_WORK ITEM_
Keep the pictures out of the copy and repeat the records exactly.

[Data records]
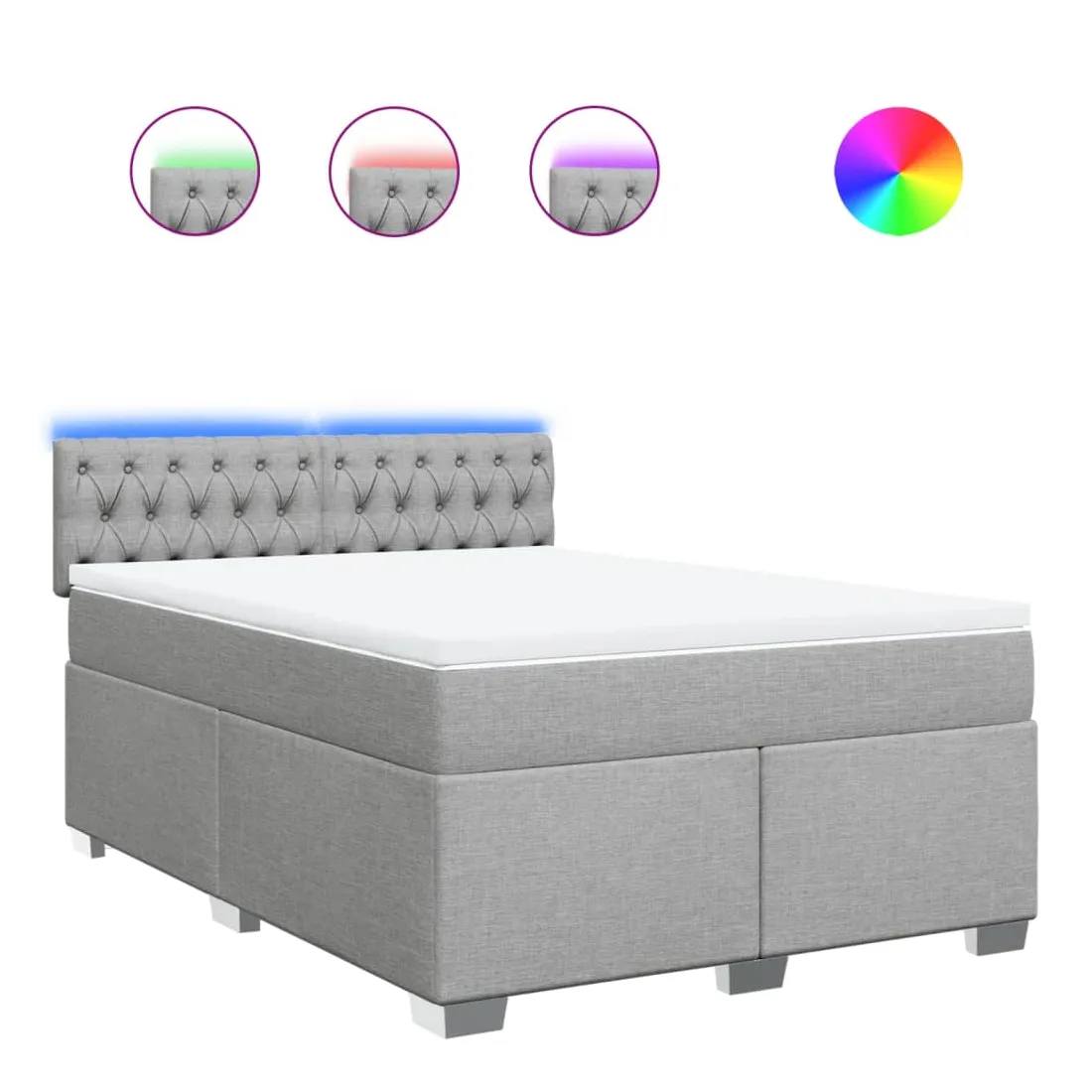 Utilisez ce lit à sommier pour profiter d'une nuit de sommeil réparatrice ! Il vous offre une relaxation maximale et un sommeil agréable. Matériau doux et durable : le tissu en polyester allie douceur, respirabilité et durabilité, vous garantissant un confort et une convivialité ultimes.Matelas à ressorts ensachés : ce matelas à ressorts ensachés comporte des ressorts ensachés individuels qui fonctionnent indépendamment pour offrir un soutien personnalisé en réagissant uniquement à la pression exercée dans chaque zone. Cette conception empêche « l'enroulement » et réduit le transfert de mouvement par rapport aux matelas traditionnels à ressorts ouverts. Chaque ressort ensaché soutient le corps individuellement.Lumières LED pour une ambiance agréable : ce lit est équipé de lumières LED qui peuvent être facilement réglées pour créer un spectacle lumineux personnalisé. Vous pouvez personnaliser les modes, les couleurs et la luminosité pour améliorer l'ambiance de votre espace intérieur.Surmatelas confortable : ce surmatelas améliore le soutien et le confort grâce à sa surface douce et respirante, tout en prolongeant la durée de vie de votre matelas. Sa housse amovible permet un lavage facile, ce qui facilite l'entretien. Bon à savoir :Ce produit est doté d'un connecteur USB qui nécessite une source d'alimentation USB de 5V certifiée (non incluse).Pour des raisons d'hygiène, le matelas ne peut pas être retourné si l'emballage est retiré ou ouvert.Seule la partie avec un symbole de ciseaux peut être coupée et seule la partie avec l'USB continuera à fonctionner comme avant.
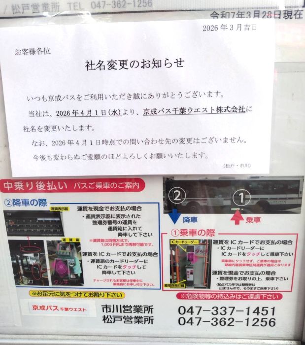 京成バスが2026年4月より社名を変更し、市川・松戸エリアは京成バス千葉ウエストになりました。
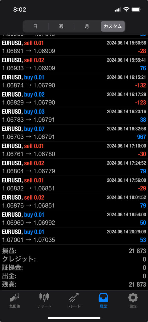 THOR EA 6/10~6/14 FX自動売買結果+21,873円 2024 6/15 運用結果 2024-06-15 ソーは無料EAとしてプレゼントしています!ご希望の方は【ソーEA希望】とメッセージ下さい! THOR EAの詳細ページ 稼働条件 スタンダード口座版:最低証拠金25万円 マイクロ口座版:証拠金5万円 THORは通貨ペアEURUSDのみ FX業者はXM・IS6(EX口座可)・IronFX・HFMを使用します。 目次THOR EA 週間利益結果 結果 +21,873円 関連 運用結果 運用結果 よかったらシェアしてね! URLをコピーしました! URLをコピーしました! HULK EA改 6/10~6/14 FX自動売買結果+12,840円 THOR Limit EA 6/10~6/14 FX自動売買結果+11,692円 関連記事 BOLTS EA 1/26~1/30 FX自動売買結果+212円 2026-01-31 FRIDAY EA 1/26~1/30 FX自動売買結果+1,538円 2026-01-31 SHIELD EA 1/26~1/30 FX自動売買結果+210,444円 2026-01-31 ETERNAL EA 1/26~1/30 FX自動売買結果+474,591円 2026-01-31 SWORD EA 1/26~1/30 FX自動売買結果+341,560円 2026-01-31 STAR EA 1/26~1/30 FX自動売買結果+329,665円 2026-01-31 朝活トレード!Buster EA 1/26~1/30 FX自動売買結果 2026-01-31 Guardian NEO 1/26~1/30 FX自動売買結果+101,661円 2026-01-31
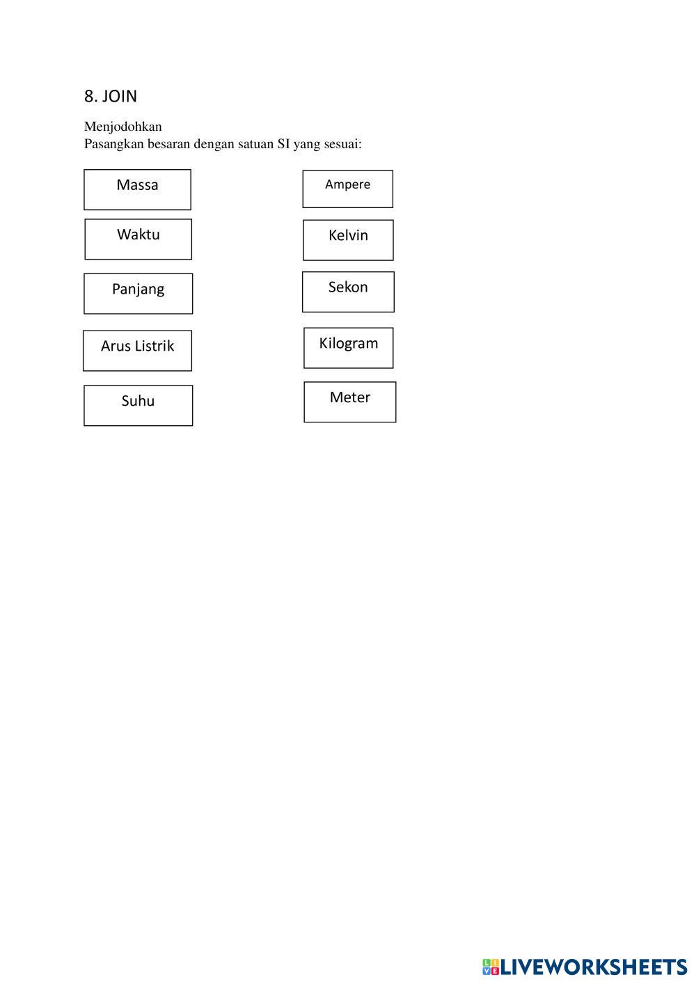 Created byMukhson Ilmu Pengetahuan Alam (IPA) Besaran dan satuan Age 12-18 level: 7 Indonesian Author's Instructions My Google Classroom Courses × 0 classes selected (0 students total) Quick Access Select all classes (0 classes) All Classes Loading courses... Cancel Share Share to selected Course __COURSE_NAME__ __STUDENT_NAME__ (__STUDENT_EMAIL__) besaran dan satuan Download Worksheet Validation Check my answers Emails my answers to my teacher Full name Group/level School subject Teacher's email or key code Close Submit Validating worksheet... (12) Your answers have been sent to your teacher. Good luck! OK We encountered an error submitting your answers. Please try again. OK Advertisement | Go Ad Free Created byMukhson Ilmu Pengetahuan Alam (IPA) Besaran dan satuan Age 12-18 level: 7 Indonesian Author's Instructions
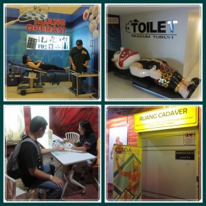 Ada teater 3D yang memutar film tentang proses pembuahan. Lagi-lagi, walaupun kami hanya berdua, film tetap diputar untuk ruangan berkapasitas sekitar 50 orang ini. Yang menarik lagi adalah Ruang Cadaver, khusus untuk usia 18 tahun ke atas. Ruangan nya dikunci dan jika mau masuk ke ruangan ini harus ditemani petugas. Menampilkan 4 spesimen manusia asli yang diawetkan dengan teknik plastinasi. Jadi masing2 tubuh manusia asli ini ditaro dalam box kaca dan pose nya berbeda-beda. Ada yang sedang balet, sedang duduk, dsb. Ada yang pria dan wanita. Semua didatangkan dari Taiwan dan dirahasikana identitasnya. Kita bisa melihat secara “asli” bagian dalam tubuh manusia, mulai dari otot nya (karena kulit penutupnya disayat dan dibuka), paru-paru (ada yang hitam karena perokok), dan semua bagian tubuh lainnya. Oya, di ruang ini tidak boleh memotret. Jadi kami tidak punya fotonya, hanya bisa cerita saja ya.
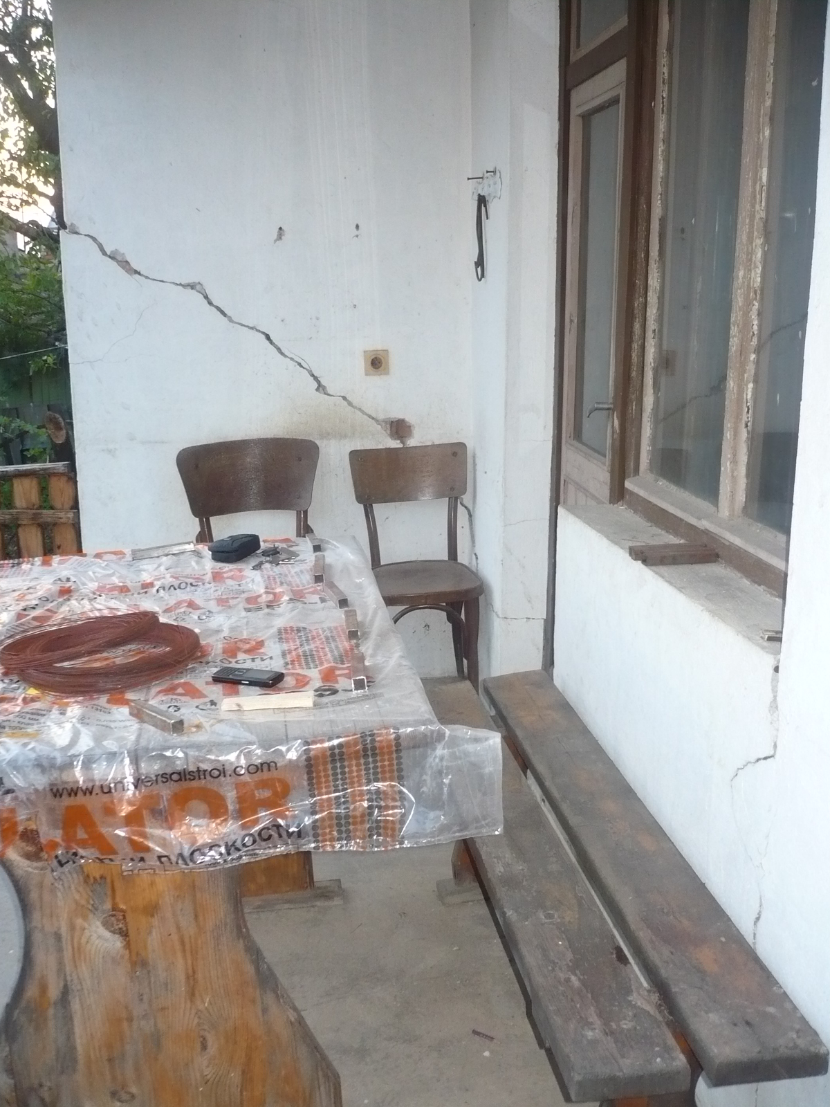 Ще се съглася с мнението че къщата е построена извън всякакви противоземетръсни норми и при сходни поражения от земетресението на къщи в Пернишко комисията даде предписание да бъдат съборени.За съжаление това е положението.Според мен в тази къща е опасно да се живее.От самолет се вижда че не основите са поддали,а първия етаж не издържа натоварването на втория.
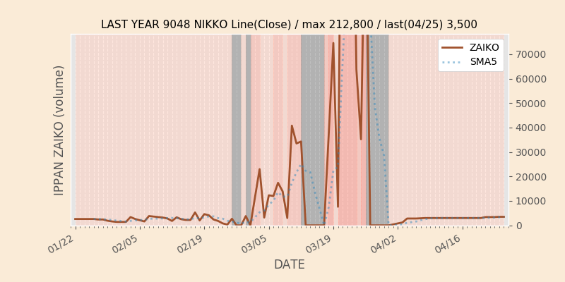 権利落ち日になると在庫が急回復します。どれだけの在庫が供給されたかを類推できます。もちろん、権利付最終日以前に大量補充された例も目立ちますから、過去チャートをご覧になる際は日付にご注意ください。

_FINISHED EXERCISE_
 Utilisez ce lit à sommier pour profiter d'une nuit de sommeil réparatrice ! Il vous offre une relaxation maximale et un sommeil agréable. Matériau doux et durable : le tissu en polyester allie douceur, respirabilité et durabilité, vous garantissant un confort et une convivialité ultimes.Matelas à ressorts ensachés : ce matelas à ressorts ensachés comporte des ressorts ensachés individuels qui fonctionnent indépendamment pour offrir un soutien personnalisé en réagissant uniquement à la pression exercée dans chaque zone. Cette conception empêche « l'enroulement » et réduit le transfert de mouvement par rapport aux matelas traditionnels à ressorts ouverts. Chaque ressort ensaché soutient le corps individuellement.Lumières LED pour une ambiance agréable : ce lit est équipé de lumières LED qui peuvent être facilement réglées pour créer un spectacle lumineux personnalisé. Vous pouvez personnaliser les modes, les couleurs et la luminosité pour améliorer l'ambiance de votre espace intérieur.Surmatelas confortable : ce surmatelas améliore le soutien et le confort grâce à sa surface douce et respirante, tout en prolongeant la durée de vie de votre matelas. Sa housse amovible permet un lavage facile, ce qui facilite l'entretien. Bon à savoir :Ce produit est doté d'un connecteur USB qui nécessite une source d'alimentation USB de 5V certifiée (non incluse).Pour des raisons d'hygiène, le matelas ne peut pas être retourné si l'emballage est retiré ou ouvert.Seule la partie avec un symbole de ciseaux peut être coupée et seule la partie avec l'USB continuera à fonctionner comme avant.
 京成バスが2026年4月より社名を変更し、市川・松戸エリアは京成バス千葉ウエストになりました。
 THOR EA 6/10~6/14 FX自動売買結果+21,873円 2024 6/15 運用結果 2024-06-15 ソーは無料EAとしてプレゼントしています!ご希望の方は【ソーEA希望】とメッセージ下さい! THOR EAの詳細ページ 稼働条件 スタンダード口座版:最低証拠金25万円 マイクロ口座版:証拠金5万円 THORは通貨ペアEURUSDのみ FX業者はXM・IS6(EX口座可)・IronFX・HFMを使用します。 目次THOR EA 週間利益結果 結果 +21,873円 関連 運用結果 運用結果 よかったらシェアしてね! URLをコピーしました! URLをコピーしました! HULK EA改 6/10~6/14 FX自動売買結果+12,840円 THOR Limit EA 6/10~6/14 FX自動売買結果+11,692円 関連記事 BOLTS EA 1/26~1/30 FX自動売買結果+212円 2026-01-31 FRIDAY EA 1/26~1/30 FX自動売買結果+1,538円 2026-01-31 SHIELD EA 1/26~1/30 FX自動売買結果+210,444円 2026-01-31 ETERNAL EA 1/26~1/30 FX自動売買結果+474,591円 2026-01-31 SWORD EA 1/26~1/30 FX自動売買結果+341,560円 2026-01-31 STAR EA 1/26~1/30 FX自動売買結果+329,665円 2026-01-31 朝活トレード!Buster EA 1/26~1/30 FX自動売買結果 2026-01-31 Guardian NEO 1/26~1/30 FX自動売買結果+101,661円 2026-01-31
 Created byMukhson Ilmu Pengetahuan Alam (IPA) Besaran dan satuan Age 12-18 level: 7 Indonesian Author's Instructions My Google Classroom Courses × 0 classes selected (0 students total) Quick Access Select all classes (0 classes) All Classes Loading courses... Cancel Share Share to selected Course __COURSE_NAME__ __STUDENT_NAME__ (__STUDENT_EMAIL__) besaran dan satuan Download Worksheet Validation Check my answers Emails my answers to my teacher Full name Group/level School subject Teacher's email or key code Close Submit Validating worksheet... (12) Your answers have been sent to your teacher. Good luck! OK We encountered an error submitting your answers. Please try again. OK Advertisement | Go Ad Free Created byMukhson Ilmu Pengetahuan Alam (IPA) Besaran dan satuan Age 12-18 level: 7 Indonesian Author's Instructions
 Ada teater 3D yang memutar film tentang proses pembuahan. Lagi-lagi, walaupun kami hanya berdua, film tetap diputar untuk ruangan berkapasitas sekitar 50 orang ini. Yang menarik lagi adalah Ruang Cadaver, khusus untuk usia 18 tahun ke atas. Ruangan nya dikunci dan jika mau masuk ke ruangan ini harus ditemani petugas. Menampilkan 4 spesimen manusia asli yang diawetkan dengan teknik plastinasi. Jadi masing2 tubuh manusia asli ini ditaro dalam box kaca dan pose nya berbeda-beda. Ada yang sedang balet, sedang duduk, dsb. Ada yang pria dan wanita. Semua didatangkan dari Taiwan dan dirahasikana identitasnya. Kita bisa melihat secara “asli” bagian dalam tubuh manusia, mulai dari otot nya (karena kulit penutupnya disayat dan dibuka), paru-paru (ada yang hitam karena perokok), dan semua bagian tubuh lainnya. Oya, di ruang ini tidak boleh memotret. Jadi kami tidak punya fotonya, hanya bisa cerita saja ya.
 Ще се съглася с мнението че къщата е построена извън всякакви противоземетръсни норми и при сходни поражения от земетресението на къщи в Пернишко комисията даде предписание да бъдат съборени.За съжаление това е положението.Според мен в тази къща е опасно да се живее.От самолет се вижда че не основите са поддали,а първия етаж не издържа натоварването на втория.
 権利落ち日になると在庫が急回復します。どれだけの在庫が供給されたかを類推できます。もちろん、権利付最終日以前に大量補充された例も目立ちますから、過去チャートをご覧になる際は日付にご注意ください。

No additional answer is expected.